The swimmer who doesn’t panic fairs best. If they can just tread water and not fight the current, the lifeguard can swim out alone and tow them in.
The CMBP uses a “torpedo” to bring swimmers in. It is an orange-colored plastic cylinder which the lifeguard brings with them to the rescue. The reason? Insuring the lifeguard’s survival as well as the swimmer’s.
One lifeguard, who recently participated in a rescue, swam out to the man in trouble. When she reached him, he immediately grabbed onto her neck pulling her down into the water.
Atwell smiled, acknowledging he too has been on the receiving end of a drowning swimmer. Hence the purpose for the torpedo – it gives the swimmer something else other than another human being to hold onto.
“Sometimes though”, says Atwell, “the rip takes you out so fast that you’re in front of the person before you have a chance to swing the torpedo over to them because the same current that takes the swimmer out helps you to rescue you them.” Atwell remembers a time when a very large woman got into trouble. He reached her before he could extend the torpedo and she grabbed onto him pulling him down into the water. “People just grab onto whatever to save themselves,” said Atwell. In this instance, Atwell went back down into the water with the woman and she immediately let go. Under the water is the last place a drowning person wants to be.
Just the day before, 20 lifeguards formed a human chain with their torpedoes to rescue a ten-year-old boy down at the Cove Beach. It took over 20 minutes to bring him in but the rescue was successful.

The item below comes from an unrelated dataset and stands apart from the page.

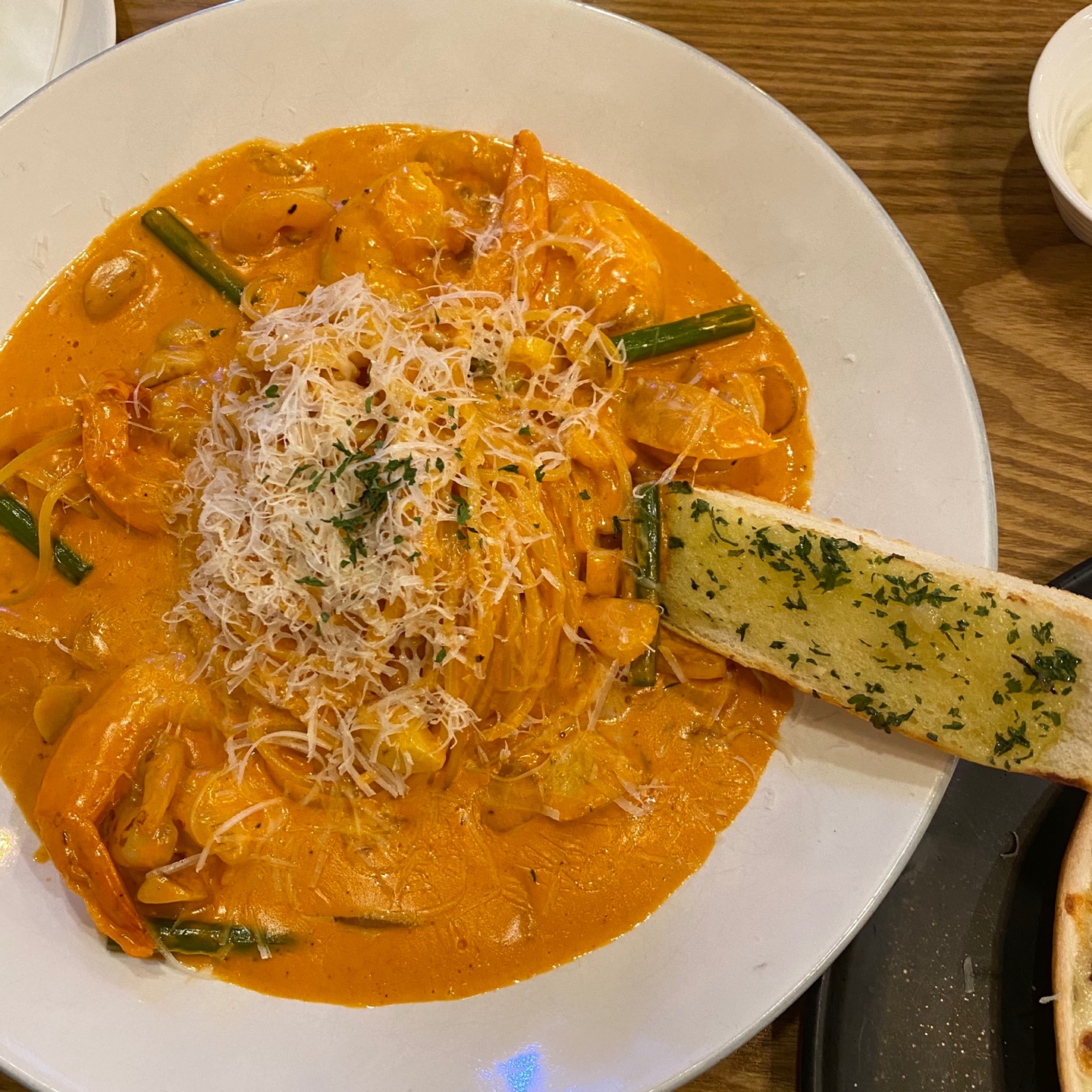 두 번째 파스타는 "새우 로제 파스타"입니다.
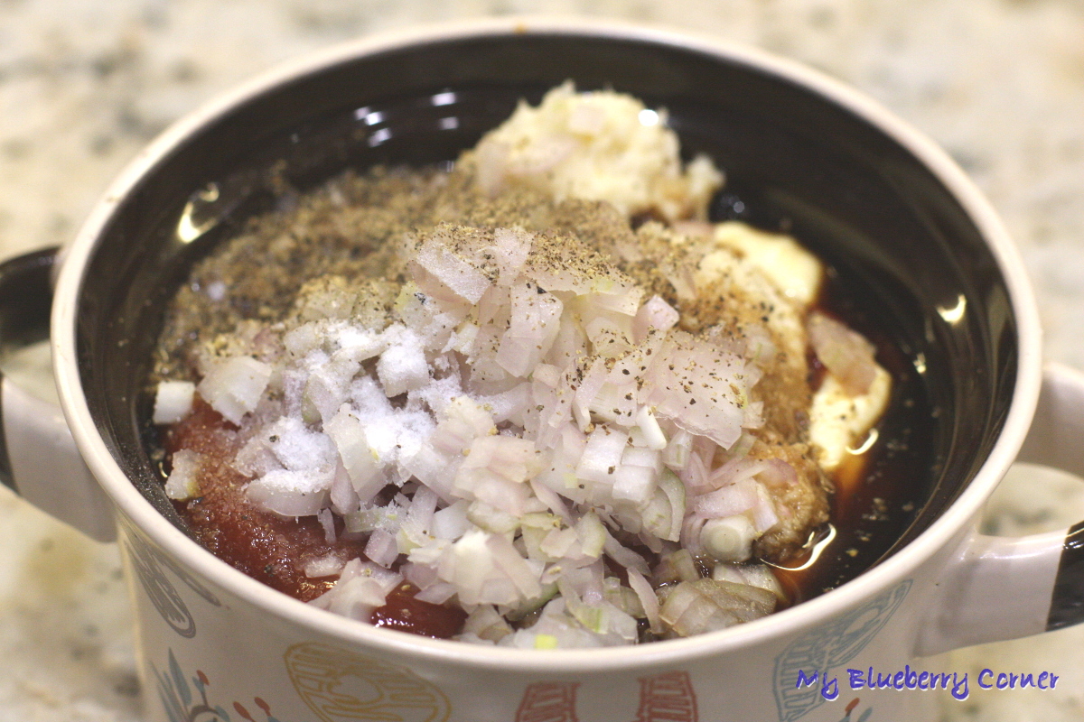 Cebulki obrać, drobno posiekać. W naczyniu umieścić majonez, ketchup, tarty chrzan, ostry sos chili i sos Worcestershire, dodać posiekaną szalotkę oraz sól i pieprz.

CMBP, under the direction of Harry “Buzz” Mogck (pronounced Moke), frequently simulates rescue operations during the summer weeks to make sure his team is fit and well rehearsed. Gene Ladd of the CMBP said that statistics regarding rescue operations are tallied under two different categories – a “full-blown rescue”, in which each lifeguard along the beach leaves their stand to assist, leaving one lifeguard (not the usual two) in attendance – and a “sneak” rescue which only involves one lifeguard who swims out and brings the troubled swimmer back in.
CMBP averages between 5 and 6 full-blown rescues a day and 25 sneaks per day. Two years ago, they had 26 rescues within a two-hour period and were forced to close the beaches because the lifeguards simply couldn’t keep up with the demand.
Atwell, whose eyes are always on the water then he talks, said that the job of a lifeguard is physically demanding. Take the rescue Saturday, he says. His stand is one over from Grant Street. “Now I have to run all the way down to the Cove and then swim out to sea and then help drag someone in. You’ve got to be fit.”
So the moral of the story is – be nice to those guys and gals on the lifeguard stands – the life they save could very well be yours.